“想去就去,難道這府里還有人攔著你不成?”
劉伯溫同樣在用餐,只是他們府內的用餐時間比韓國公李善長府上稍晚一些,而且由于多年來家中沒什么余財。
膳食也相對簡單些。
“是,父親。”
劉璉神情一肅,鄭重地點了點頭,行禮后便離開了誠意伯府。
得知陸羽去了北鎮撫司。
他也急忙趕了過去。
……
一時間,洛陽新都中,老一輩的人不便出面,年輕一輩且與陸羽同輩的人幾乎都一窩蜂地陸續前往北鎮撫司。
在他們看來,這起案件并非避之不及的燙手山芋。
反而是一塊人人都想爭搶的香餑餑,如同唐僧肉一般。
因為!
若能在此案中獲得陸羽的好感,日后在朝堂上辦事便能比旁人多幾分優勢。
不僅如此,還能博得皇家的青睞,讓當今圣上和太子殿下朱標另眼相看,自然有機會平步青云。
北鎮撫司今日格外熱鬧。
陸羽雖然是先行出發的,但早就有人猜到了他的行蹤,提前來到了這里。
當陸羽抵達北鎮撫司門口時,駙馬都尉李祺、工部侍郎劉璉,二人都穿著便服,在此恭候多時。
“來了。
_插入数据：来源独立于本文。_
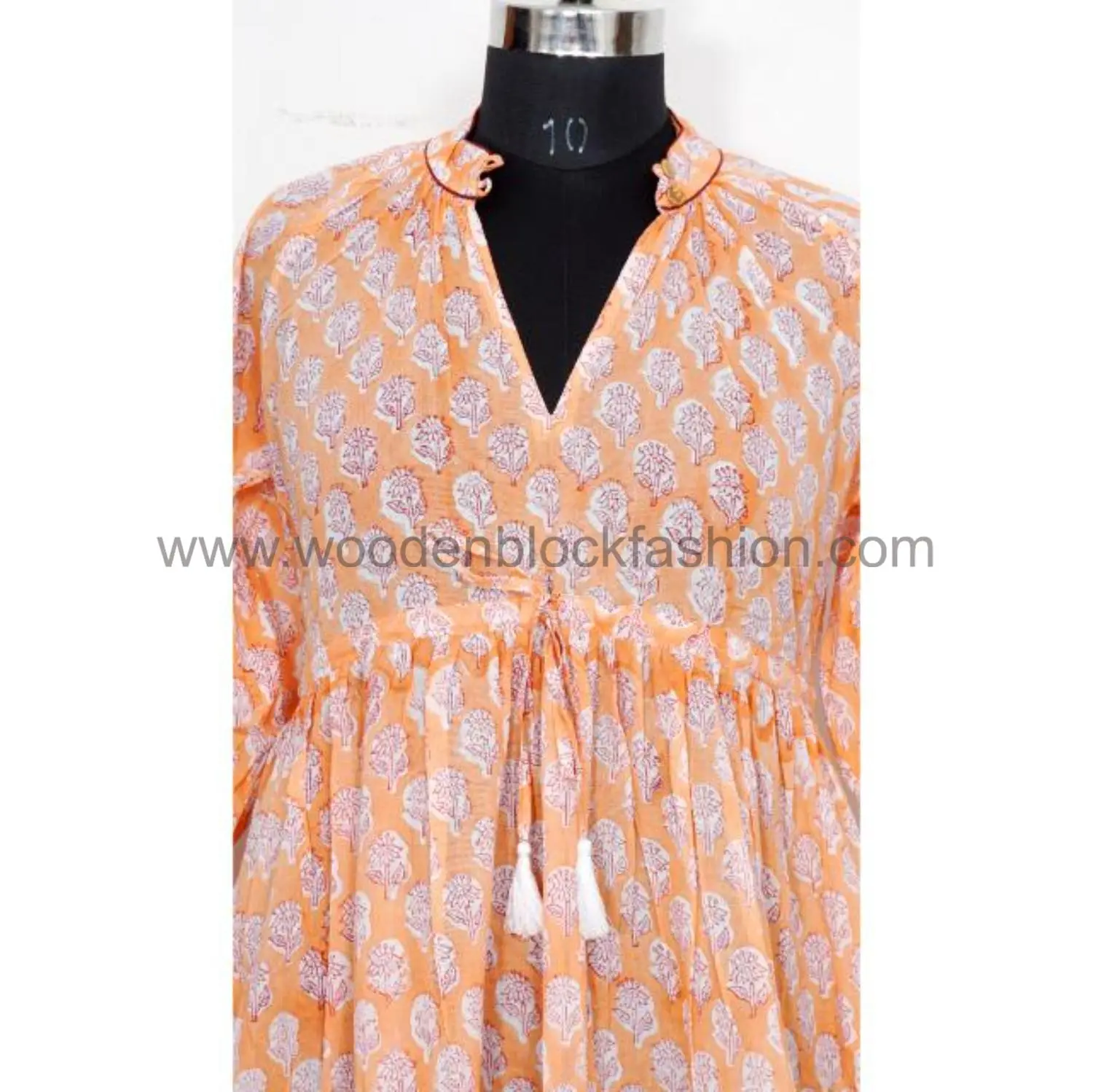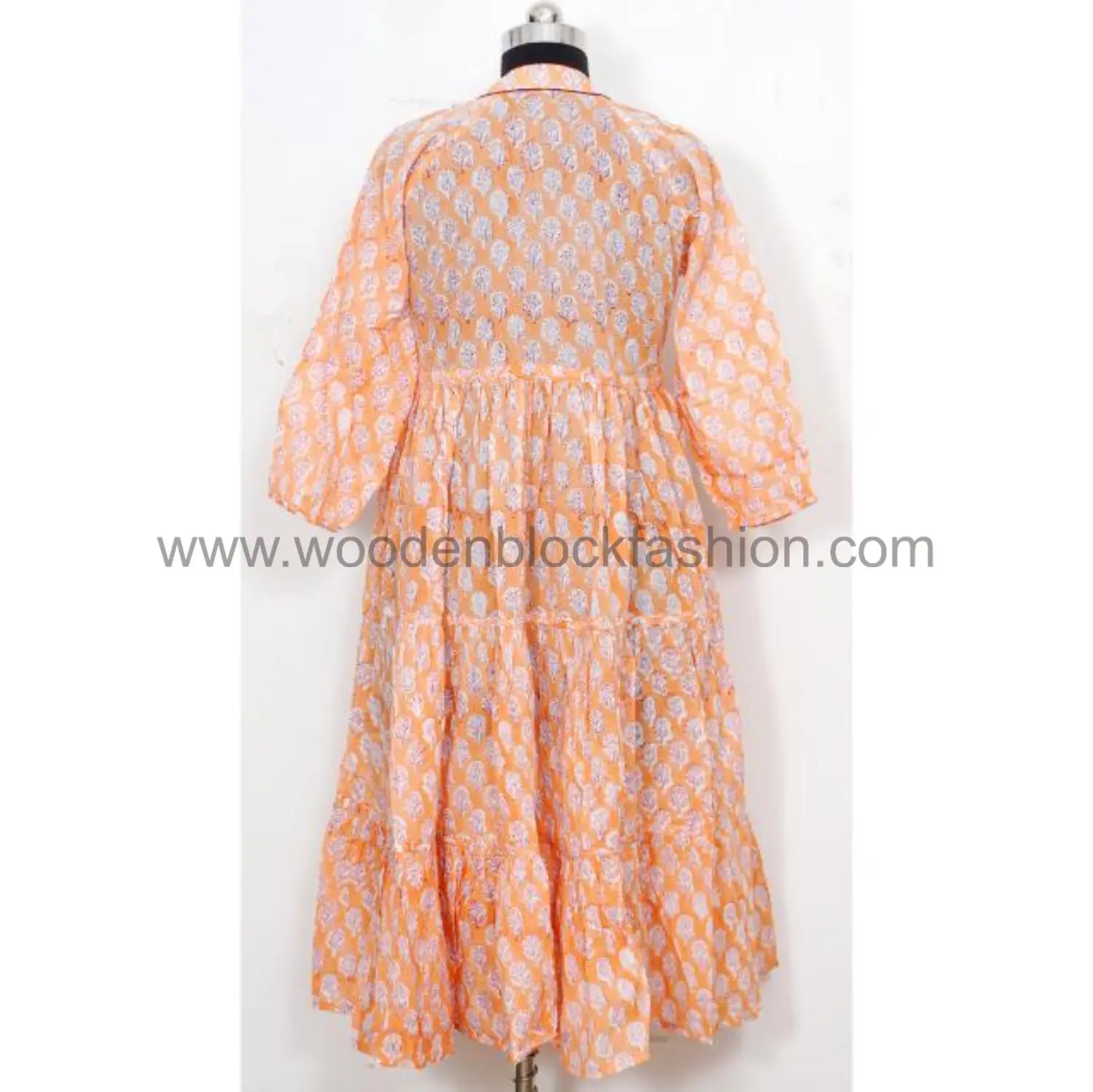 Crafted from premium-quality cotton, this block print long dress offers durability, comfort, and timeless style. The loose fit and breathable fabric make it an excellent choice for daily wear in summer.
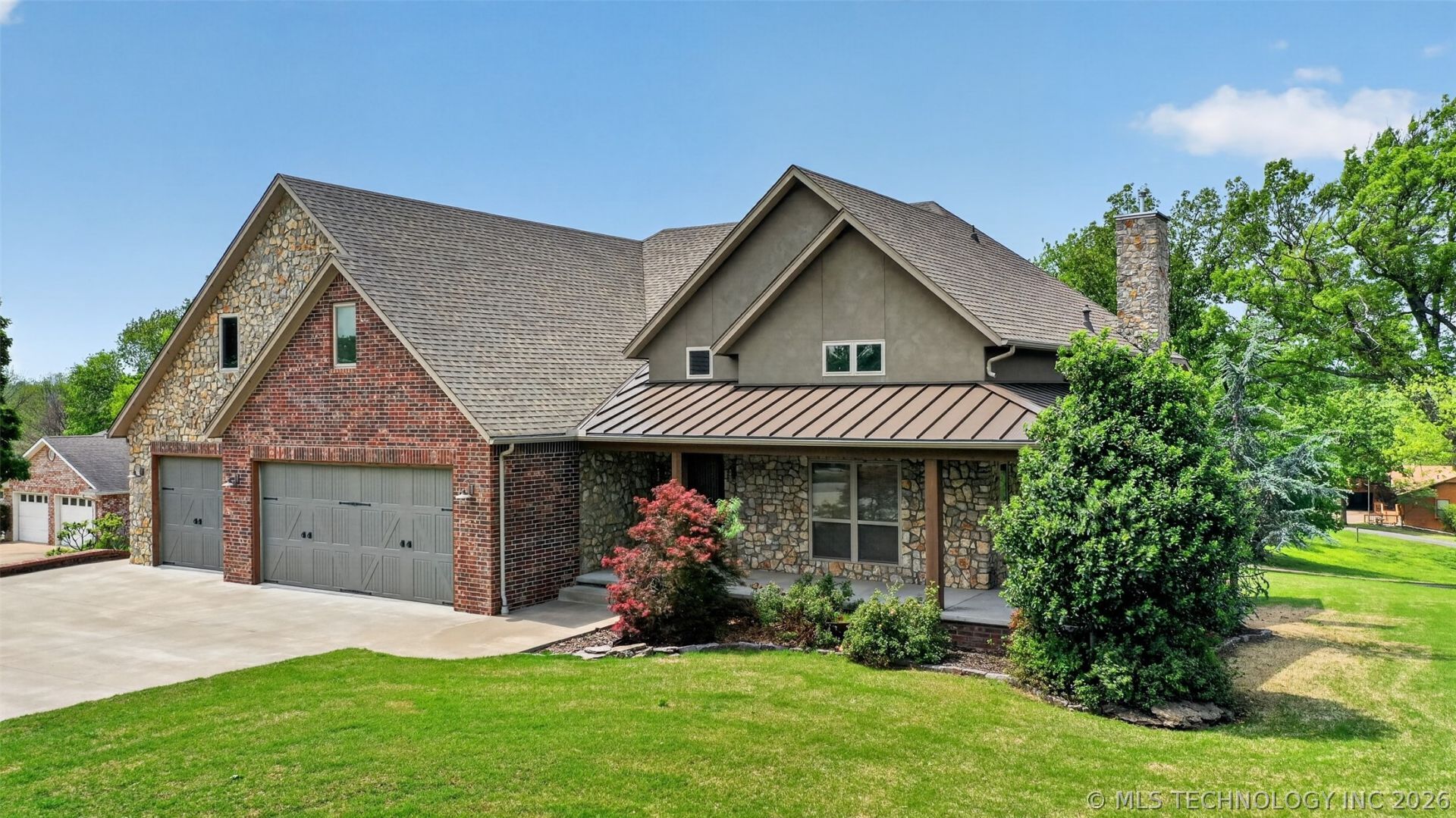 NEW PRICE!! Welcome to this stunning custom-built luxury home FOR SALE in Pryor, OK, on a corner lot inside a gated lake community on beautiful Lake Hudson. This property offers breathtaking lake views, upscale finishes, & a thoughtfully designed layout that blends comfort with elegance. Step inside & be greeted by soaring 14-foot ceilings accented w/ gorgeous wood beams. Just off the entry, you'll find a spacious office or flex room, ideal for working from home or additional living space. The open-concept living room & kitchen create the perfect setting for entertaining, complete with an eat-in dining area. The kitchen features granite countertops, stainless steel appliances, a walk-in pantry, & lots of cabinets. The living room has a fully rocked fireplace with pellet stove & charming window seats on both sides-perfect for taking in the lake views. Double sliding doors lead you to a screened-in porch where you can relax & enjoy panoramic views of the lake. The main-floor primary suite offers a private retreat with double sinks, a walk-in shower, a large walk-in closet, and its own covered patio-ideal for adding a hot tub. Downstairs, you'll find a spacious second living/game area with a kitchenette featuring a nugget ice maker and refrigerator. Two additional bedrooms share a full bath, along with a large workout room that could easily serve as a media room. Don't miss the impressive size safe room complete with a Fort Knox vault door-perfect for storage, security, or multi-use space. Additional highlights include a bonus room above the garage, multiple covered porches with lake views, a whole-home generator, full foam insulation, sprinkler system, and built-in bug misting system. The property also features newly planted fruit trees, mature shade trees, and an additional lower-level garage. Enjoy neighborhood amenities, golf cart-friendly living, and convenient access via a 4-lane highway. This move-in ready home truly has it all! LET'S GO LOOK!!
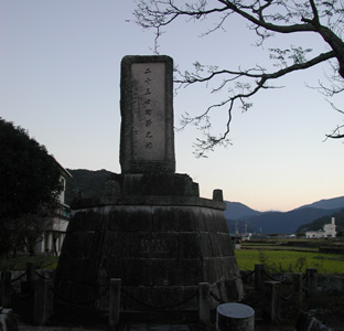 温泉の向かいの河原に『二十三士殉節之地』と刻んだ 碑がある。 幕末の土佐藩、尊王攘夷の士23名は野根山に集結、 土佐勤皇党の釈放や藩政改革を要求。しかし藩は討伐 軍を送り、二十三士は逃れるが阿波藩に捕捉され土佐 に引渡されてしまう。 二十三士は一度の吟味もなく奈半利河畔で打首に処せ られた。(温泉で頂いたパンフレットより抄出) 十代の若者も四名いたようだ、若い命が悼まれる。 |
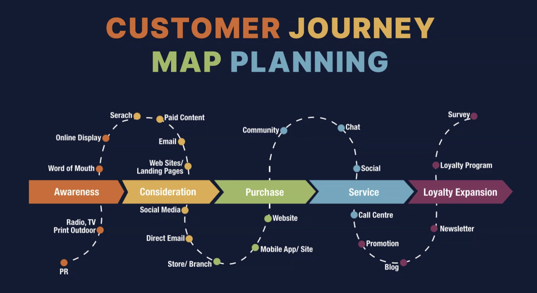The customer journey map below brings this idea to life, showing how each stage offers multiple entry and exit points, demonstrating that real-world journeys are rarely a straight line, but a network of interconnected paths and touchpoints.

”
劉璉笑著,跟陸羽打了個招呼。
他畢竟與陸羽相識數年,此時來幫忙,于情于理都合適。
若今日不來,反倒顯得不懂事了。
陸羽點點頭,眼神不自覺地看向一旁的李琪。
“特地前來為大學士增添一分助力。”
李琪拱手表明來意。
“多謝。”
陸羽看著二人,點頭致謝。
隨后也不多廢話,在北鎮撫司門前錦衣衛的引領下,很快見到了毛驤。
“情況如何?”
陸羽單刀直入地問道。
眾人浩浩蕩蕩地走進毛驤平常處理公務的房間,原本還算寬敞的房間頓時顯得擁擠起來。
但毛驤此時并不在意這些。
他的臉上沒有了昨晚的郁結怨氣和殺氣,似乎那些情緒已消散。
聽到陸羽的問話,毛驤沒有遲疑,直接開口道:“已經查出來了。”
可惜!
毛驤雖然這么說,臉上的神情卻顯得有些猶豫不決。
“毛大人不妨直說。”
劉璉看出了毛驤的顧慮,依然開口說道,“今日這件事必須要有個結果。”
看著面前的陸羽、劉璉和李祺三人,毛驤苦嘆了一聲,接著說道:“昨日那粗壯女使雖已瘋癲,但還有另外兩個宮女。
經過一番審訊,又用了滴水之刑,效果顯著。
其中一人交代了線索。
今日清晨,我北鎮撫司的一眾錦衣衛多方打探,只是沒想到這線索竟指向了宮里。”
毛驤一字一頓,目光如炬地盯著陸羽,繼續說道,“此事實在令人震驚,指向宮里就意味著此事極有可能是宮內某位殿下所為,即便昨日瘋癲的粗壯女使口中提到的汝陽公主,也在嫌疑人范圍之內。
如今的情況可比昨晚還未審訊出結果時復雜得多。
先生,接下來還要繼續查嗎?”
毛驤再次看向陸羽,將這個棘手的問題拋給了他。
剎那間,這原本熱鬧的小房間內氣氛陡然一冷,眾人的熱情仿佛被一盆涼水澆滅,肉眼可見地冷卻下來。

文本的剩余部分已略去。